What I mean is, even with a Pascal Tegra X2 Switch still would not have been as powerful as PS4/Xbone. So portability, the core concept of the system, rules out being on par with the competition power wise.

I never said it has to be as powerfull as the Xbox One/Playstation 4.
But it still could have been better than what it is currently.

curl-6 said:

They could have made Wii/Wii U/Switch stronger, (though I still reckon it would've been an unwise risk to make costlier PS3/360-tier Wii)

I disagree. One of the reasons why the Wii's momentum didn't carry on as long as the Xbox 360 or Playstation 3 was that it couldn't attract enough quality 3rd party games to placate some of the more dedicated demographics.

curl-6 said:

what I'm saying is that it makes sense that they didn't, as their only successful consoles since the SNES have opted for low end parts, while their attemps to be power competitive ended in failure. Experience has taught them that trying to fight Playstation head on always fails, while sidestepping the competition with less powerful alternative concepts usually succeeds.

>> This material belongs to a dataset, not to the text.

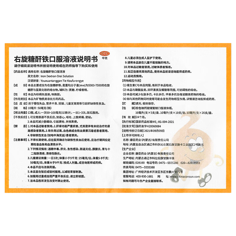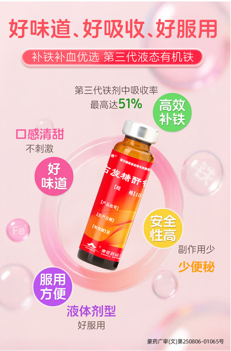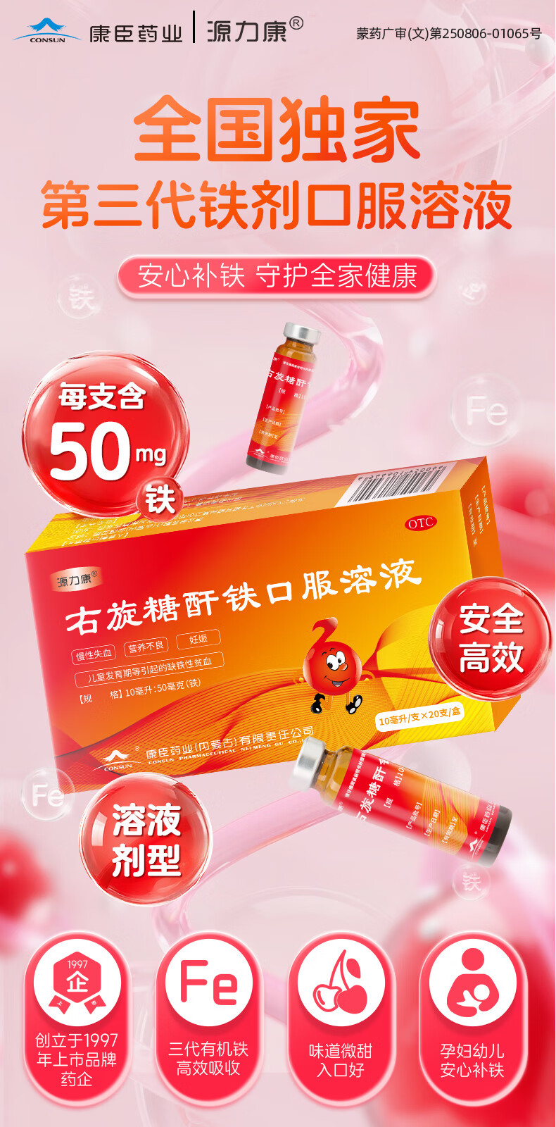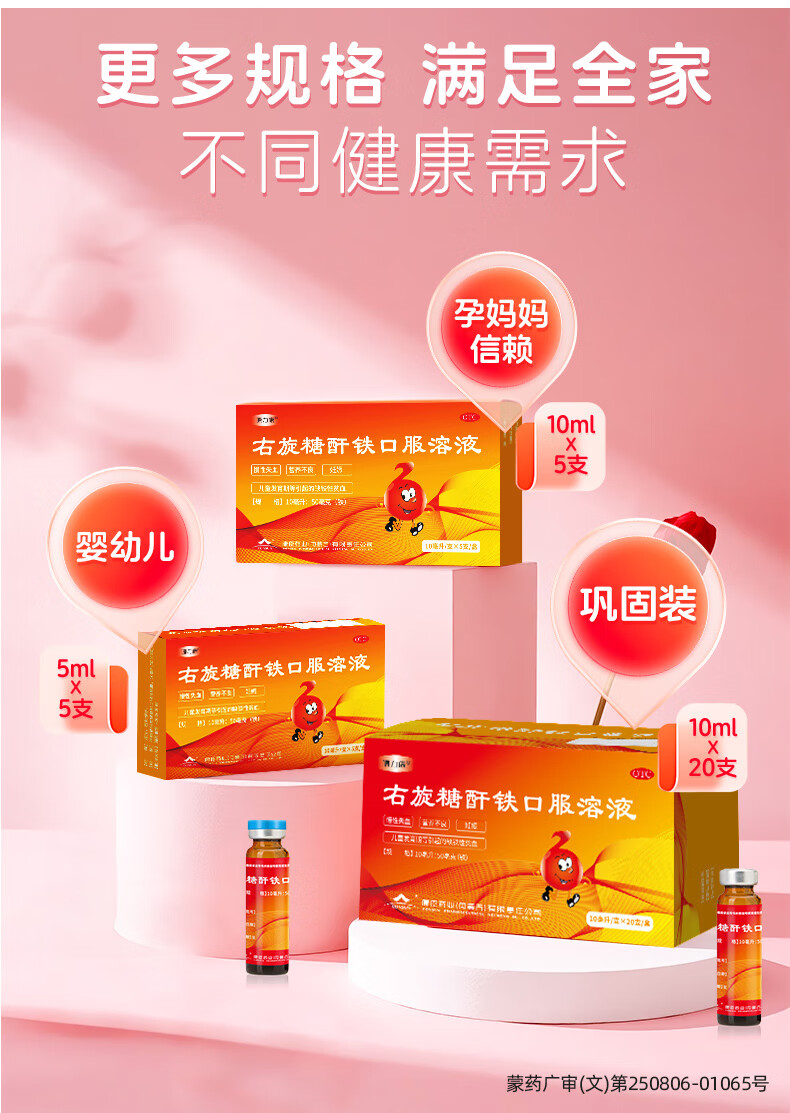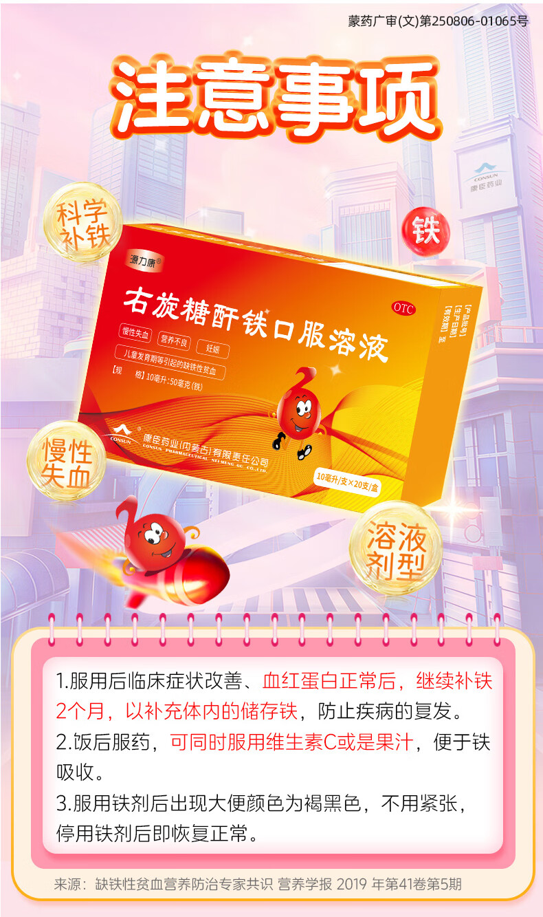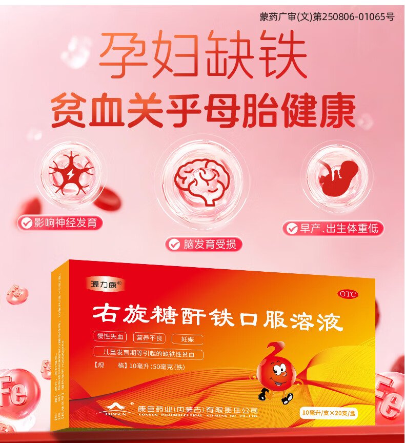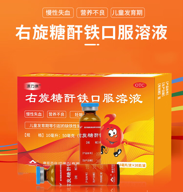 康臣 源力康 右旋糖酐铁口服溶液 10ml*20支 贫血补铁补血补气铁剂铁片 孕期补铁 女性补铁 缺铁性贫血 年货节

The Nintendo 64 was successfull.

But power or lack thereof isn't what makes a console successfull and nor does power limit any innovation... The Wii was a success because of it's motion controls, not because games looked ugly... Because that isn't a selling point.

- My point though was that Switch's core concept inherently limits power; by virtue of being what it is, it cannot be power-competitive with traditional consoles.

- We can theorize that now, but hindsight is 20/20. Back then motion controls were unproven and PS3/360 were costing MS and Sony dearly; with what they knew at the time it was just too risky to go with expensive hardware. Plus if they did, they couldn't have achieved the affordability that was a key part of Wii's appeal.

- Nintendo 64 got outsold 3:1 by the PS1 and took Nintendo from owning a majority share of the console market to less than a third of it.